▶ _HOW TO COMPLETE THIS TASK_
Find, in the records below, the line that contains "Bolner's Fiesta Extra" and the line that contains "The program appears". Copy those two lines and everything between them exactly, but not the pictures.

▶ _DATA FOR ANALYSIS_
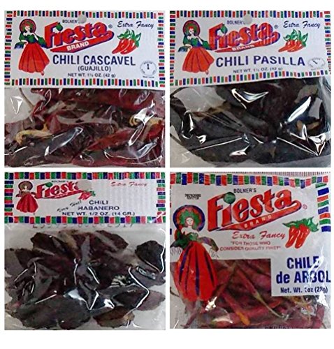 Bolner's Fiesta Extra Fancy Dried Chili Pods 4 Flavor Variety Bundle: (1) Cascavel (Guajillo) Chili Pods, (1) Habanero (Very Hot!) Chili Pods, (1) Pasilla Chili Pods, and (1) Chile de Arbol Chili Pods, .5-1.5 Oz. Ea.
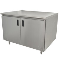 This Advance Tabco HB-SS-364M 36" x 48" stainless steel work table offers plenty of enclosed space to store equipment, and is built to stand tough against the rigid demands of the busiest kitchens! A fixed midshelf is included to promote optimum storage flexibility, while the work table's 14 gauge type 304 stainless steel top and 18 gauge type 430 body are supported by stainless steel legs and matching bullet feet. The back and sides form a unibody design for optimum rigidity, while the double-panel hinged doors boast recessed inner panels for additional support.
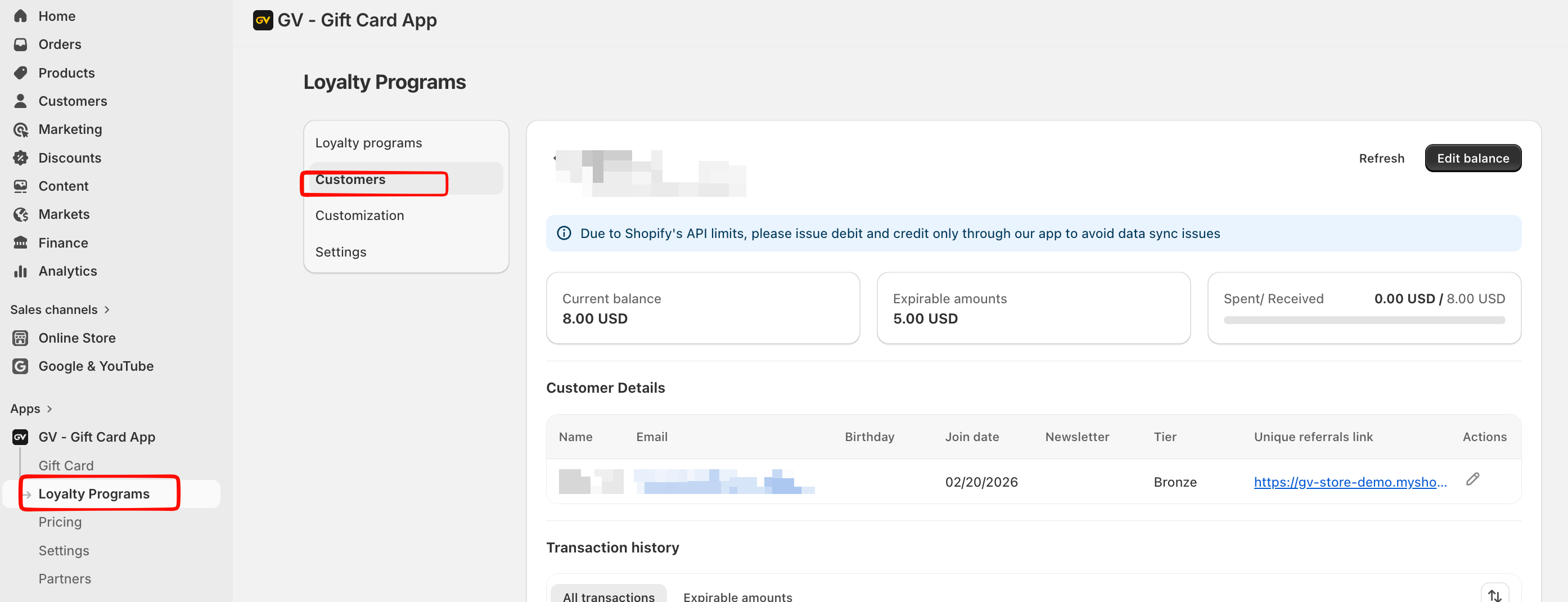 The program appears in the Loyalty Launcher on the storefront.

---

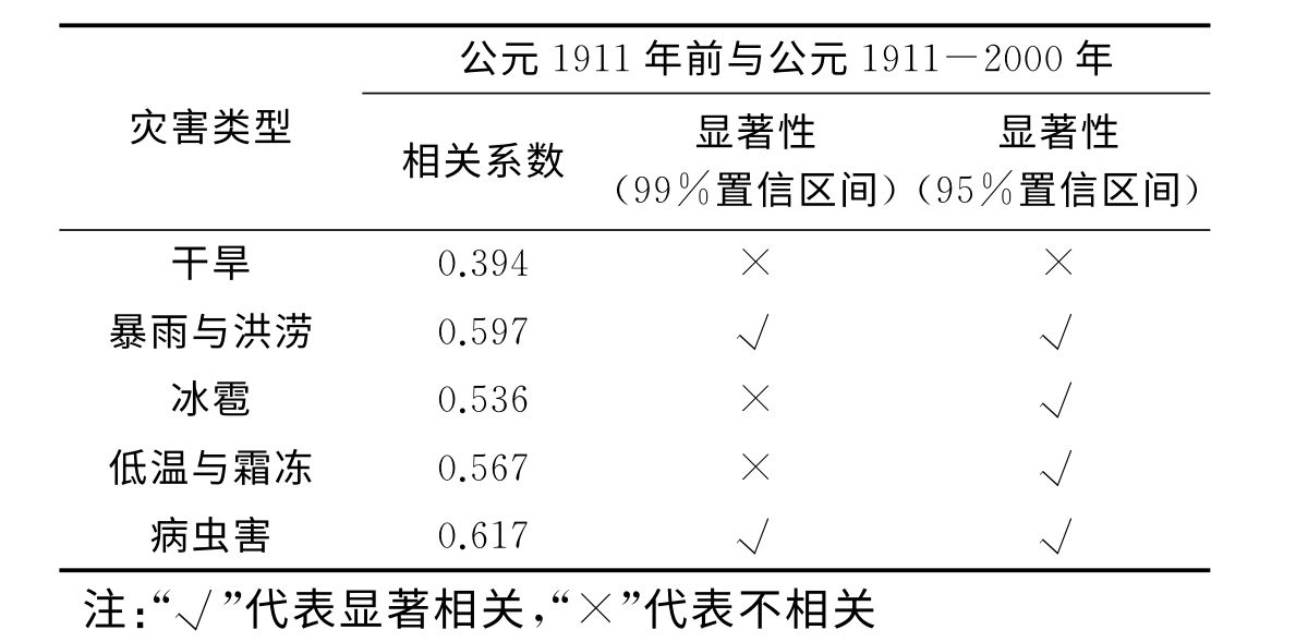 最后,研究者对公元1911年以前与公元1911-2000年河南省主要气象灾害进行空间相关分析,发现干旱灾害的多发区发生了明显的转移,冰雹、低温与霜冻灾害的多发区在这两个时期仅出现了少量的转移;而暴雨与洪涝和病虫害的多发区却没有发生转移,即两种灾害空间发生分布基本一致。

▶ _FINISHED TASK_
 Bolner's Fiesta Extra Fancy Dried Chili Pods 4 Flavor Variety Bundle: (1) Cascavel (Guajillo) Chili Pods, (1) Habanero (Very Hot!) Chili Pods, (1) Pasilla Chili Pods, and (1) Chile de Arbol Chili Pods, .5-1.5 Oz. Ea.
 This Advance Tabco HB-SS-364M 36" x 48" stainless steel work table offers plenty of enclosed space to store equipment, and is built to stand tough against the rigid demands of the busiest kitchens! A fixed midshelf is included to promote optimum storage flexibility, while the work table's 14 gauge type 304 stainless steel top and 18 gauge type 430 body are supported by stainless steel legs and matching bullet feet. The back and sides form a unibody design for optimum rigidity, while the double-panel hinged doors boast recessed inner panels for additional support.
 The program appears in the Loyalty Launcher on the storefront.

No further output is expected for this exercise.